DATA PROVIDED below:

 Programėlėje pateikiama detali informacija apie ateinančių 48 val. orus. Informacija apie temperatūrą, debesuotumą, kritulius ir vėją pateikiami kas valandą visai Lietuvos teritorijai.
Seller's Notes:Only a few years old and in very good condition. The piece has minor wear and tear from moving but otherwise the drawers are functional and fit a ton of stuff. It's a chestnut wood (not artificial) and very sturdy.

End of DATA PROVIDED.
DATA PROVIDED below:

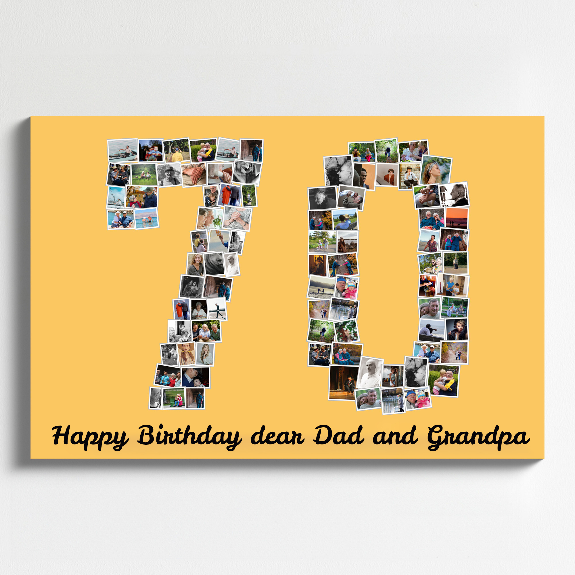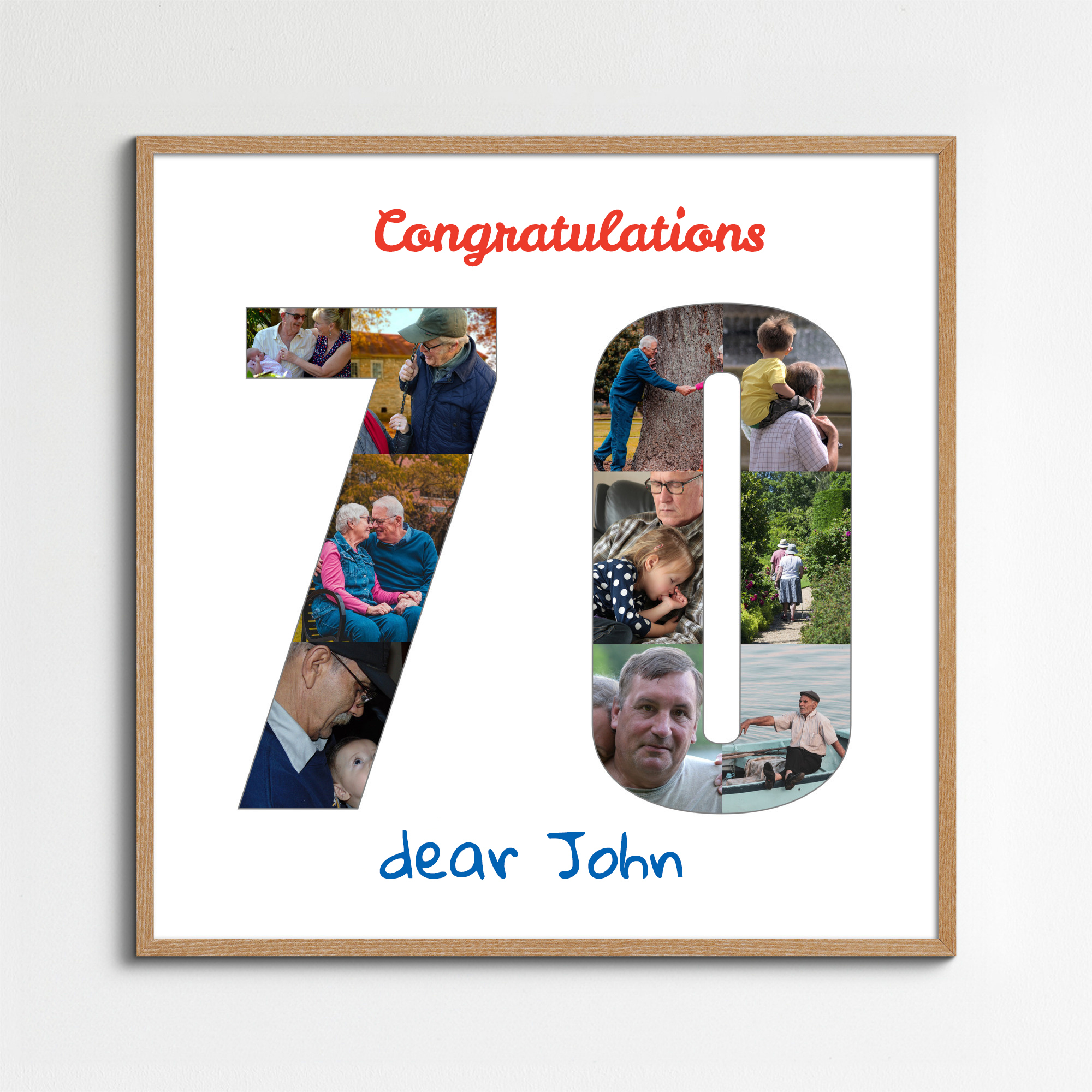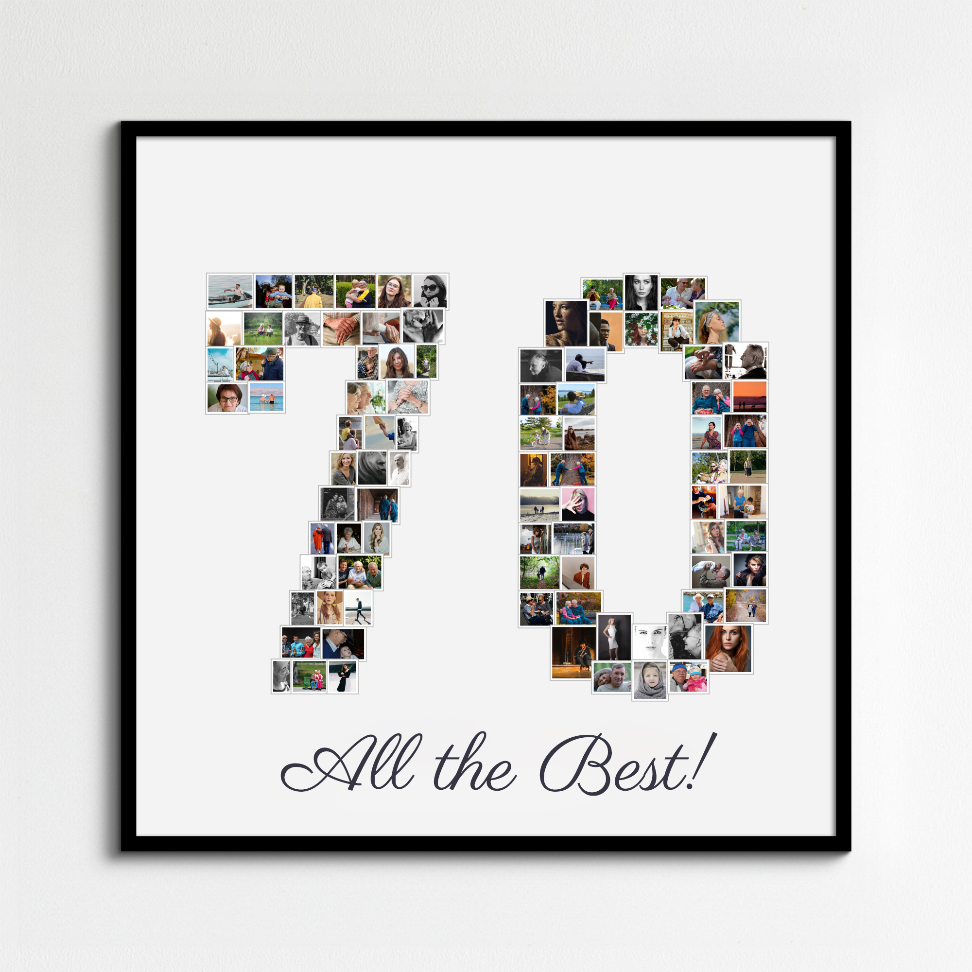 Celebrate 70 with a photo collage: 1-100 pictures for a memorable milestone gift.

End of DATA PROVIDED.
DATA PROVIDED below:

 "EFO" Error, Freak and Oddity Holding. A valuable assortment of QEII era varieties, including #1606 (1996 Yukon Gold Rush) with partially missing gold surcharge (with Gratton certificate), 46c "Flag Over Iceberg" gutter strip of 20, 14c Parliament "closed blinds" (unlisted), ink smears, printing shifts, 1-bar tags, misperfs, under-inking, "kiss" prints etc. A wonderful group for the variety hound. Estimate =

End of DATA PROVIDED.

Which lines above run from the one containing "Programėlėje pateikiama detali" to the one containing "Seller's Notes:Only a"? Give them again exactly, both ends included.

## RESPONSE TO THE EXERCISE
 Programėlėje pateikiama detali informacija apie ateinančių 48 val. orus. Informacija apie temperatūrą, debesuotumą, kritulius ir vėją pateikiami kas valandą visai Lietuvos teritorijai.
Seller's Notes:Only a few years old and in very good condition. The piece has minor wear and tear from moving but otherwise the drawers are functional and fit a ton of stuff. It's a chestnut wood (not artificial) and very sturdy.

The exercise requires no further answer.